AVAILABLE DATA: Begin
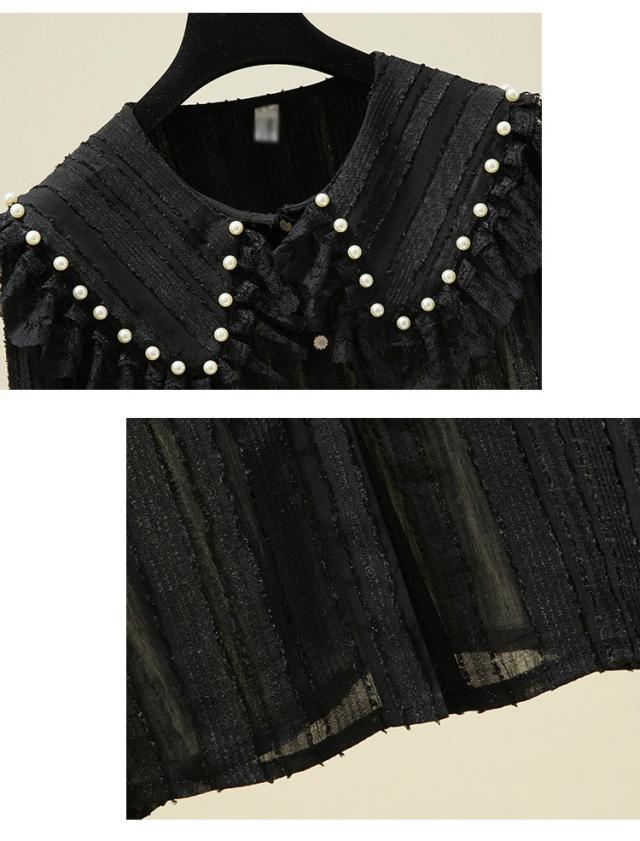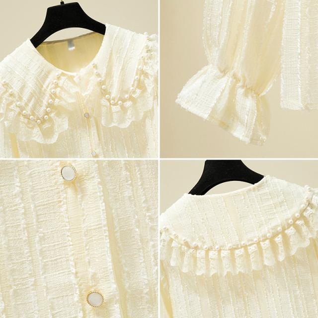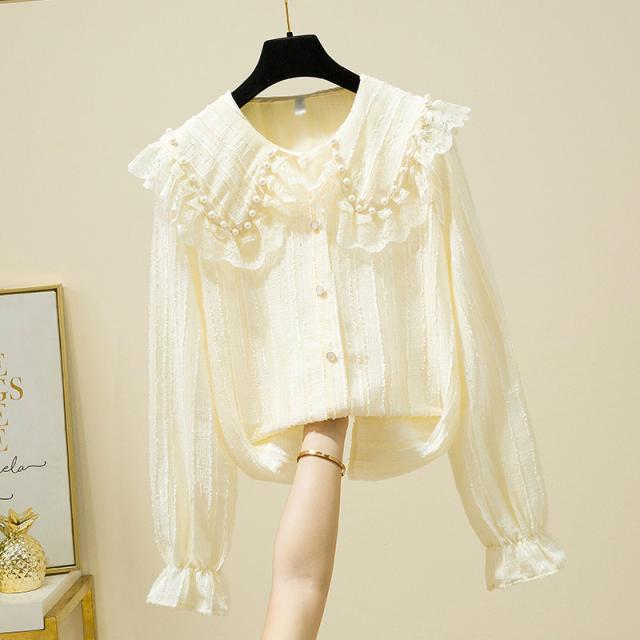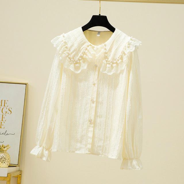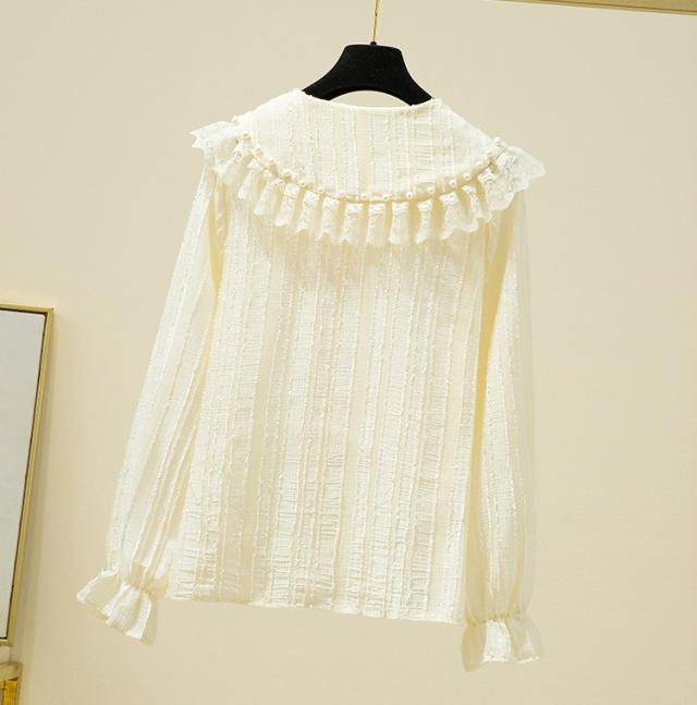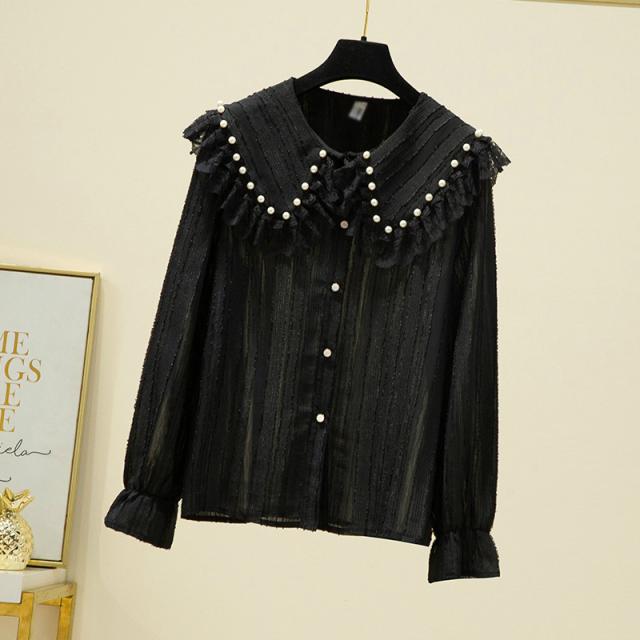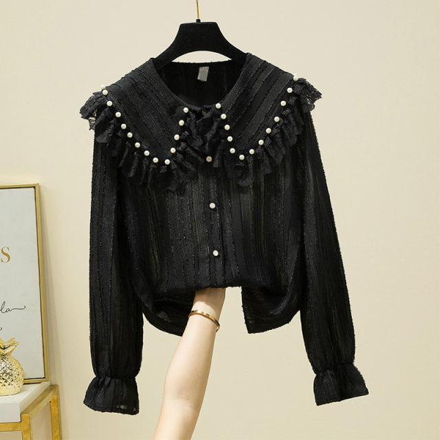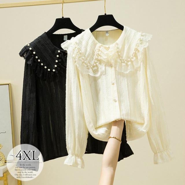 ブラウス レディース 長袖 フリル セーラーカラー 襟付き パール付き レース クラシカル 大人可愛い ホワイト ブラック おしゃれ 休日 母親 イベント
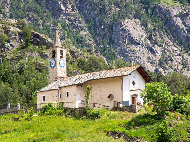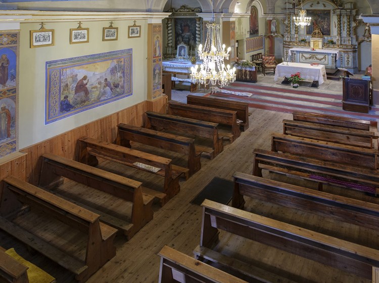 The interior of this church has curious frescos on eternit dating from 1914, they are the work of the painter Margotti. One of these shows the multiplication of the loaves, with Christ sitting in the area of Oyace called s-Ile. The main altar of the temple is in Baroque style, it does not however have the original angels which have been removed.
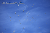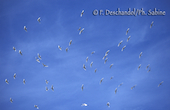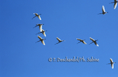 Spatules blanches (Platalea leucorodia), en vol, Marismas del Odiel, Huelva, Espagne.
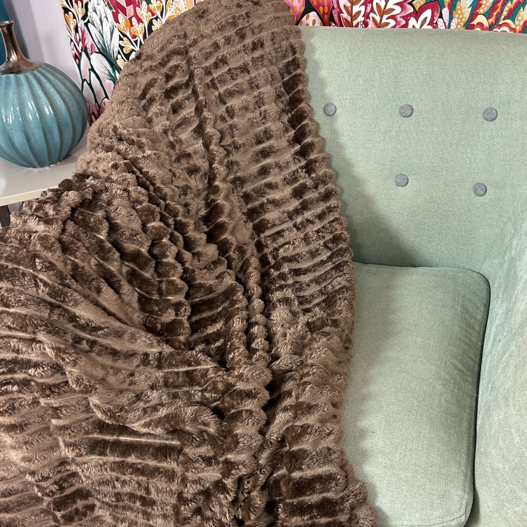 Gruby koc tłoczony o wymiarach 160x200 cm w eleganckim brązowym kolorze to doskonałe połączenie stylu i funkcjonalności. Jego miękka i przyjemna w dotyku mikrofibra zapewnia ciepło oraz komfort, co czyni go idealnym wyborem na chłodne wieczory. Tłoczony wzór w pasy dodaje mu nowoczesnego charakteru, a klasyczny odcień brązu świetnie wpisuje się w różnorodne style wnętrz.
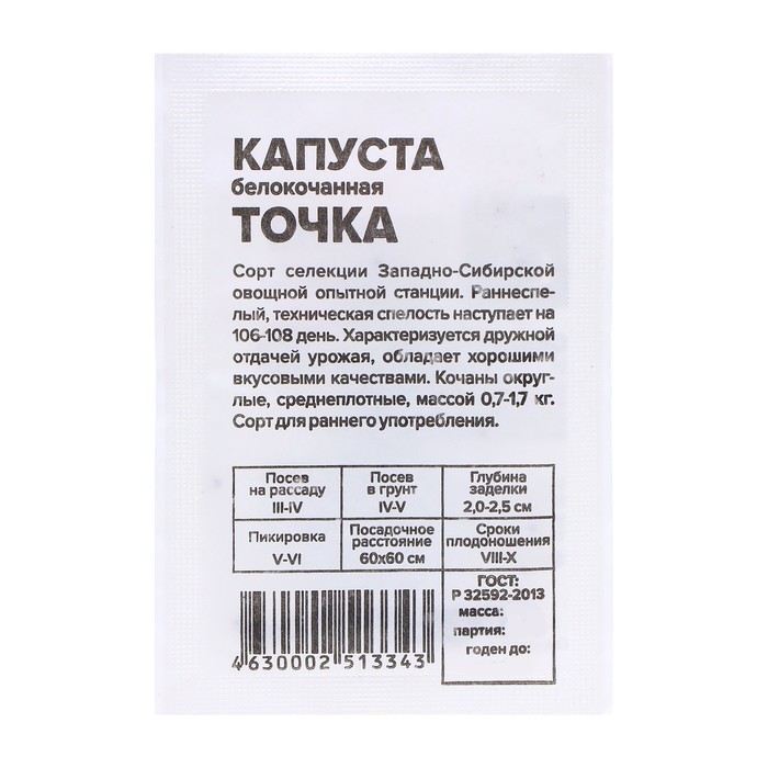 Сорт селекции Западно-Сибирской овощной опытной станции. Раннеспелый, техническая спелость наступает на 106-108 день. Характеризуется дружной отдачей урожая, обладает хорошими вкусовыми качествами. Кочаны округлые, среднеплотные, массой 0,7-1,7 кг. Сорт для раннего употребления.
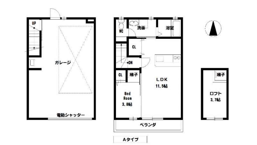 | 広さ | 11.5帖+洋室約4帖+ロフト3.8帖 |
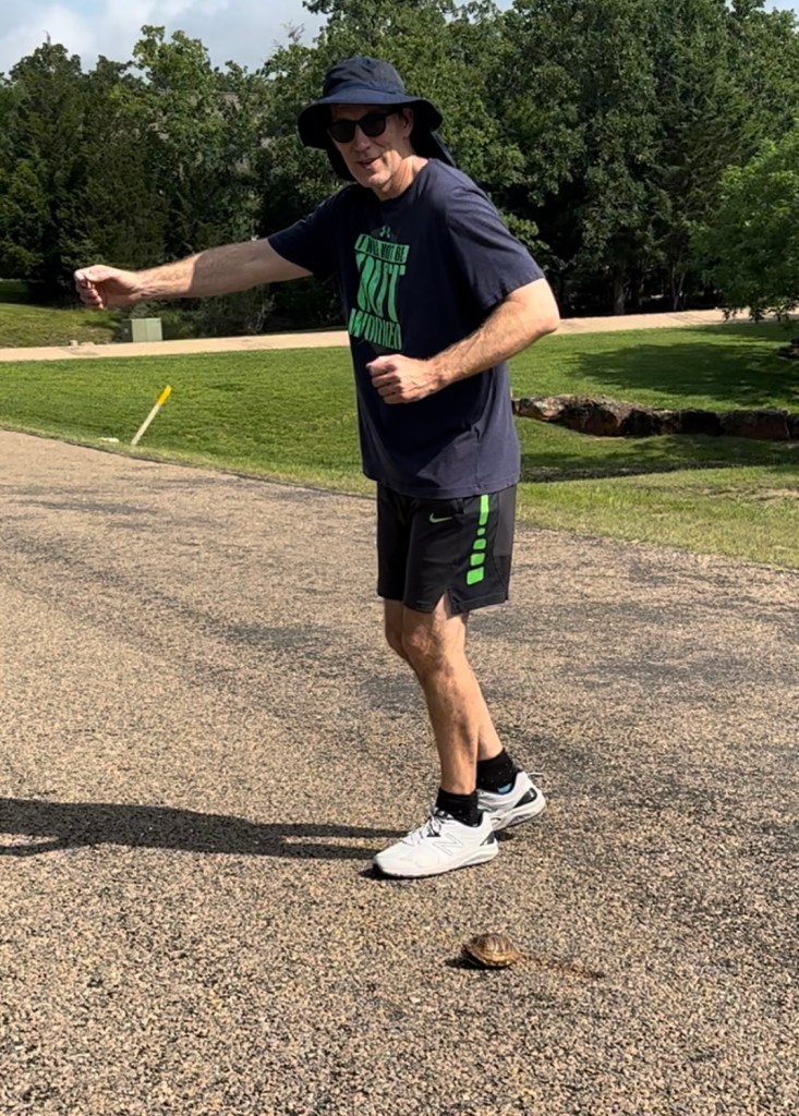- The next day as an ode to our trip and turtle crossing the road game I engaged in a all out race on my morning walk from a worthy competitor. Cute “Chariot’s of Fire” please…
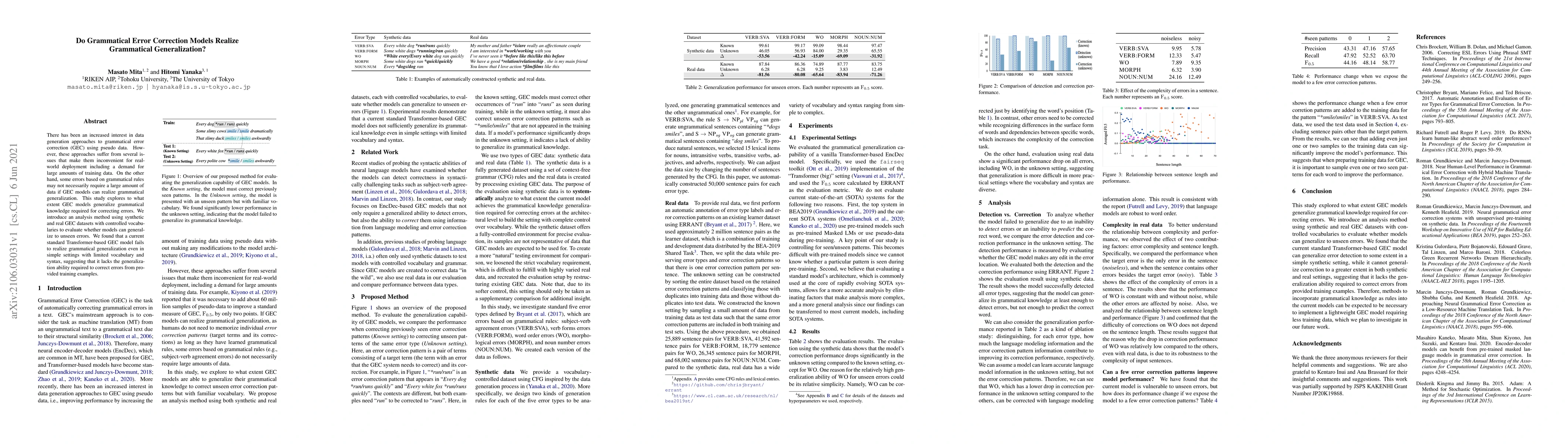 This study investigates the extent to which grammatical error correction models can generalize grammatical knowledge to unseen errors. Despite the potential for limited data scenarios, current Transformer-based models fail to demonstrate grammatical generalization, indicating a lack of necessary generalization ability.
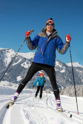 Langlaufspaß in der Naturparkregion Reutte. Diese leichte Rundloipe in den Lechtaler Alpen verläuft in einer Runde in der Nähe des Gasthofes Kreuz in Rieden.
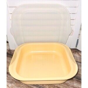 Tupperware 2 Qt Oven Works Dijon Gold Casserole 3657A-1 with Seal Cake Pan
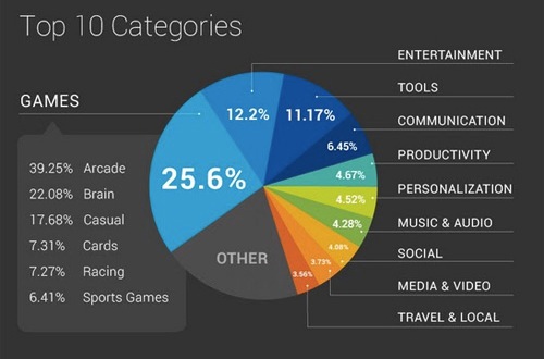 每日人均下載排名首五位中有四個都屬亞洲區,分別是首三名的南韓、香港、台灣和第五位的新加坡,而美國則排第四。雖然Google並沒有公佈實際各地的數字,但總體下載量在過去半年內激增40億,實在驚人。遊戲佔總下載的25.6%,其次的是娛樂類的12.2%和佔11.17%的工具類Apps。Android Market下載最繁忙的時段為星期日晚上9時,最疏落則是星期一清晨4時。
AVAILABLE DATA: End
ASSIGNMENT:
Restate each line of the records exactly; pictures do not belong in the copy.

RESPONSE TO THIS TASK:
 ブラウス レディース 長袖 フリル セーラーカラー 襟付き パール付き レース クラシカル 大人可愛い ホワイト ブラック おしゃれ 休日 母親 イベント
 The interior of this church has curious frescos on eternit dating from 1914, they are the work of the painter Margotti. One of these shows the multiplication of the loaves, with Christ sitting in the area of Oyace called s-Ile. The main altar of the temple is in Baroque style, it does not however have the original angels which have been removed.
 Spatules blanches (Platalea leucorodia), en vol, Marismas del Odiel, Huelva, Espagne.
 Gruby koc tłoczony o wymiarach 160x200 cm w eleganckim brązowym kolorze to doskonałe połączenie stylu i funkcjonalności. Jego miękka i przyjemna w dotyku mikrofibra zapewnia ciepło oraz komfort, co czyni go idealnym wyborem na chłodne wieczory. Tłoczony wzór w pasy dodaje mu nowoczesnego charakteru, a klasyczny odcień brązu świetnie wpisuje się w różnorodne style wnętrz.
 Сорт селекции Западно-Сибирской овощной опытной станции. Раннеспелый, техническая спелость наступает на 106-108 день. Характеризуется дружной отдачей урожая, обладает хорошими вкусовыми качествами. Кочаны округлые, среднеплотные, массой 0,7-1,7 кг. Сорт для раннего употребления.
 | 広さ | 11.5帖+洋室約4帖+ロフト3.8帖 |
- The next day as an ode to our trip and turtle crossing the road game I engaged in a all out race on my morning walk from a worthy competitor. Cute “Chariot’s of Fire” please…
 This study investigates the extent to which grammatical error correction models can generalize grammatical knowledge to unseen errors. Despite the potential for limited data scenarios, current Transformer-based models fail to demonstrate grammatical generalization, indicating a lack of necessary generalization ability.
 Langlaufspaß in der Naturparkregion Reutte. Diese leichte Rundloipe in den Lechtaler Alpen verläuft in einer Runde in der Nähe des Gasthofes Kreuz in Rieden.
 Tupperware 2 Qt Oven Works Dijon Gold Casserole 3657A-1 with Seal Cake Pan
 每日人均下載排名首五位中有四個都屬亞洲區,分別是首三名的南韓、香港、台灣和第五位的新加坡,而美國則排第四。雖然Google並沒有公佈實際各地的數字,但總體下載量在過去半年內激增40億,實在驚人。遊戲佔總下載的25.6%,其次的是娛樂類的12.2%和佔11.17%的工具類Apps。Android Market下載最繁忙的時段為星期日晚上9時,最疏落則是星期一清晨4時。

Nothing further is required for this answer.